To countries like Hungary, being asked to change their demographic make-up comes as something of a shock. So it’s no surprise that they would reject mandatory quotas on immigration. But as we’re seeing in movements across the continent, including France and Germany, large constituencies of Europeans outside the eastern bloc are pushing back against the European Union model that asks them to be citizens of the continent, rather than their individual country.

The End of Ethnicity-Based Nationalism

The EU was created, in part, to ensure that Europe would never again see the kind of mass war that twice devastated the continent in the twentieth century. The thinking went that if European countries could be made to share an economic future, they’d begin to think of themselves more as “Europeans,” and less as “Frenchmen” or “Germans.” They would, therefore, be less likely to go to war. But this seriously underestimated the extent to which EU member states remained nations made up of homogenous ethnic groups, and the level of loyalty their citizens felt.
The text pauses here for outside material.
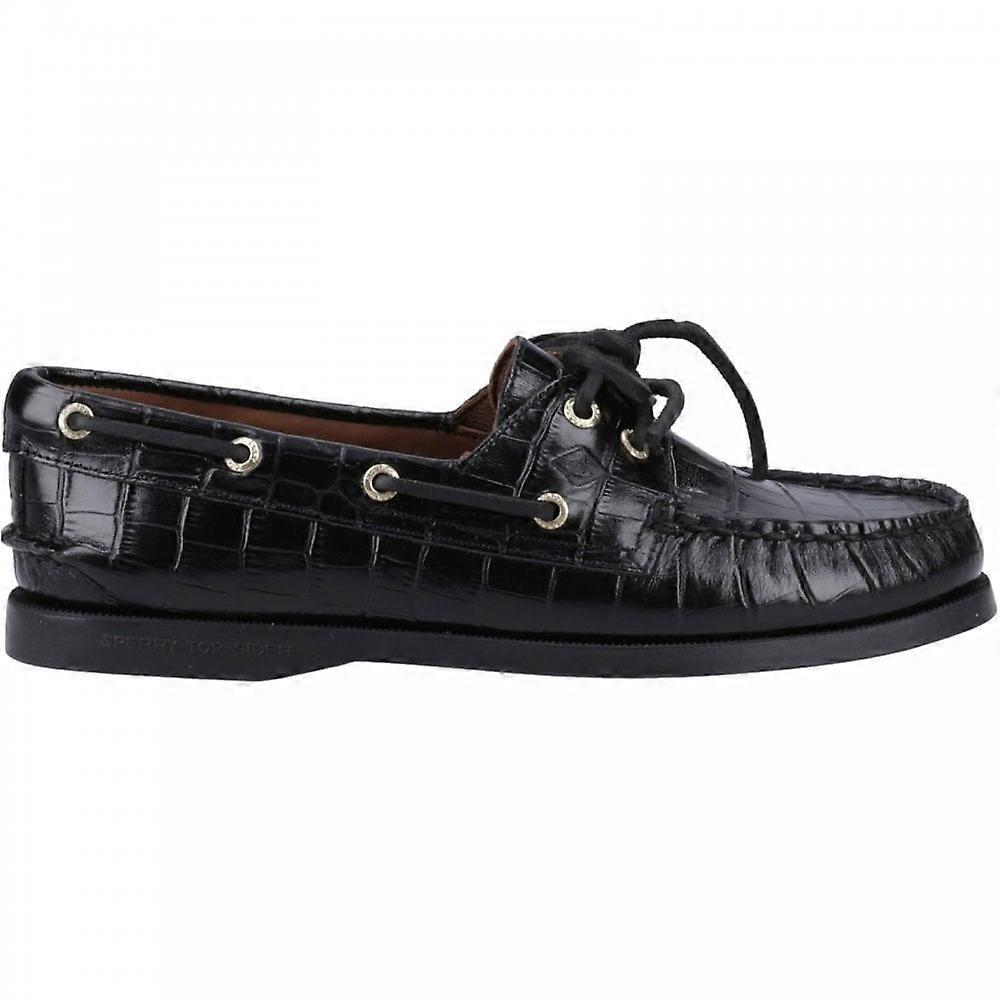 Women's Sperry Authentic 2 Eye | Black | Womens Classic Leather Moccasin Boat Shoes

The truth is, most Europeans identify first as “German,” “French,” or “Polish,” not as “Europeans.” A 2014 European Commission survey found that 42 percent of Europeans identify themselves only by their nationality. Another 48 percent identify themselves first by their national identity and second as European. Five percent think of themselves as European first, and as their nationality second, and only 2 percent as European alone.
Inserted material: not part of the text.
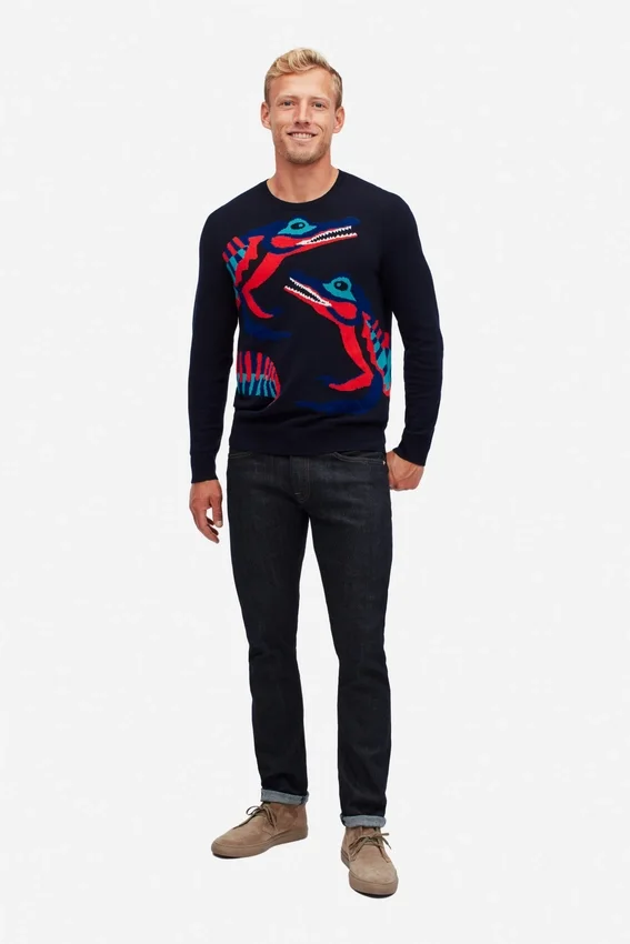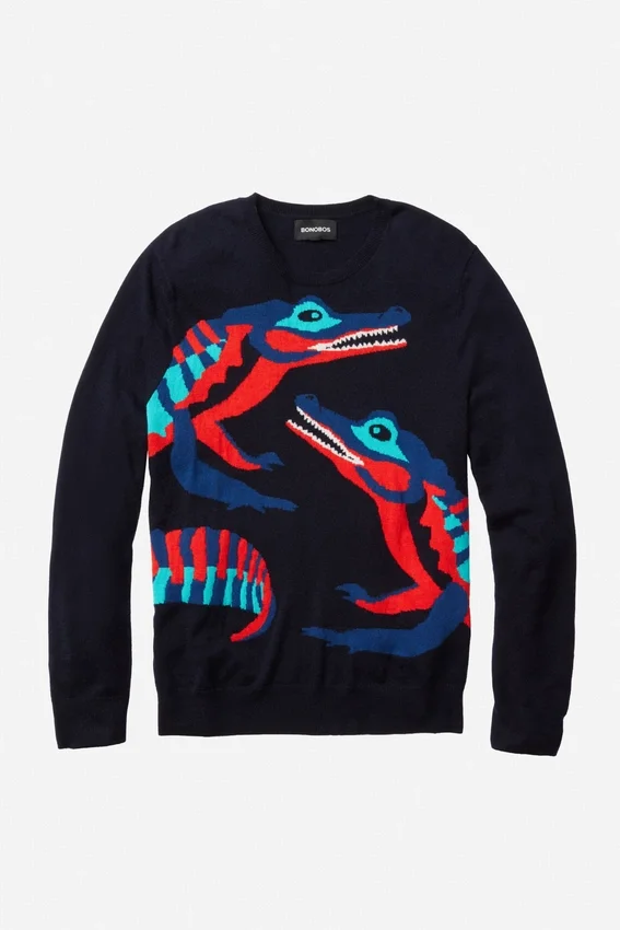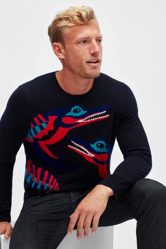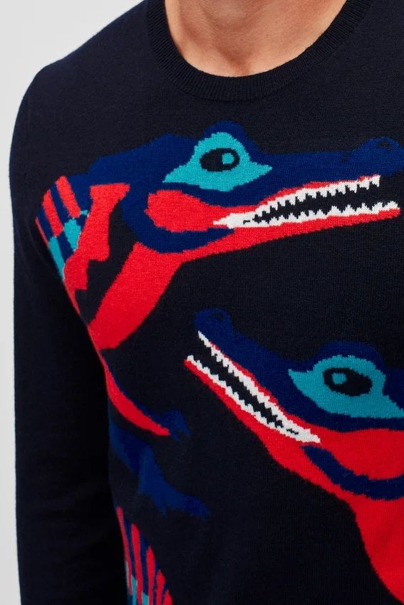 Suéter de cuello redondo con cocodrilo

Thus, it’s not surprising that nationalist movements have seen rising poll numbers in Germany, France, Poland, and Austria. This political shift is a reaction to the overreach of an EU that wants both to suppress each nation-state’s ethnic and cultural homogeneity and dictate each member’s immigration policy.
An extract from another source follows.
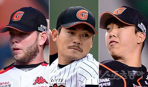 롯데 애디튼-노경은-김유영(왼쪽부터). 스포츠동아DB

The idea that countries have to take in however many migrants show up on their border is a relatively new one. At what other time in history, apart from war or occupation, has a country been forced or pressured into changing its demography? While the EU may have thought it was powerful enough to enact this new utopic vision by decree, the last two years and the ongoing successes of far-right parties are proving its power to be shaky.

In June, the United Kingdom voted to leave the EU. Other European politicians, like France’s National Front presidential hopeful Marine LePen, are promising to do the same if elected to office. Despite the last 70 or so years of European tranquility, this “pax Europa” isn’t indestructible. Instead, it may just be a brief caesura in the long history of ethnic-based European nationalism and European conflict. The Hungarian referendum serves as a sharp reminder of this.